The pair fetches up in the home of basement chemist Chester (Jeremy Sisto, a love way from Clueless), but a combination of scary drugs and disaster pushes Sarah over the edge, and they go on the run again. Will Jeremiah ever find stability? Will he ever have a normal life? Er, no. Clearly not.
There is a redemptive quality to LeRoy's writing that is sorely lacking here. While his books may be upsetting, they are also quirky, whimsical, couched in such a way that the abuse and degradation are manageable, part of the character's journey rather than its only defining feature. This film, on the other hand, is a chronicle of one boy's fucked up life. The unhealthy love between mother and son is touched upon, as is the joy of life on the road, but the majority of the viewer's time is spent flinching from some pretty disturbing material. It's never pleasant to watch images of child abuse and, artistic pretensions aside, that is what this film is built on. Brief moments of humour light up the screen, but Jeremiah's inner journey is barely engaged with.
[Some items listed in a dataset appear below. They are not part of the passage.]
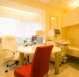 ゆったり広々とした待合室と最新鋭の機器を導入した診察室、メイクルームやソファルームも完備し、快適にご来院いただけるクリニックとなっています。
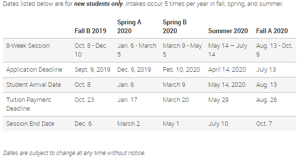 Dates listed below are for new students only. Intakes occur 5 times per year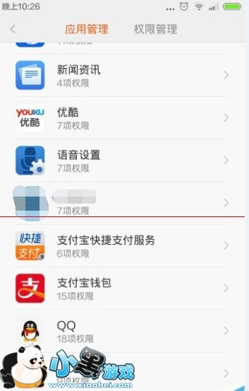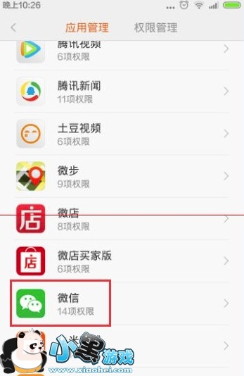 4、点击【应用权限管理】选项,在该选项界面里可以看到【微信】,【QQ】等应用程序,如下图所示。

This is Argento's first shot at directing in English and it's clear that she has an accomplished eye and a fine visual sense. Washed-out colours, creative camera use, interesting plays with music and angles all impress, but are not enough.
There will always be conflict when a director casts themselves as their lead and accusations of "vanity project" can hardly be avoided here. Sarah is a dream role, an actress' career-making turn as sexy, funny, tragic, disturbed, insane, evil - think Angelina Jolie in Girl, Interrupted or Beatrice Dalle in Betty Blue. I don't suggest for a second that Argento doesn't pull it off, but the camera seems almost too besotted with her, too attached to her when Jeremiah should be the real heart of the film. The boys who play the lead - Jimmy Bennett and then Cole and Dylan Sprouse - do a remarkable job, which can be quite unsettling to watch (call me old-fashioned, I shudder when kids that young play anal rape scenes), but one can't shake the feeling that the film is really about Sarah.
For what it is - a sickening, utterly relentless, extremely brave portrait of abuse and mental illness - this film performs quite admirably. But for what it could have been, well, it's something of a disappointment.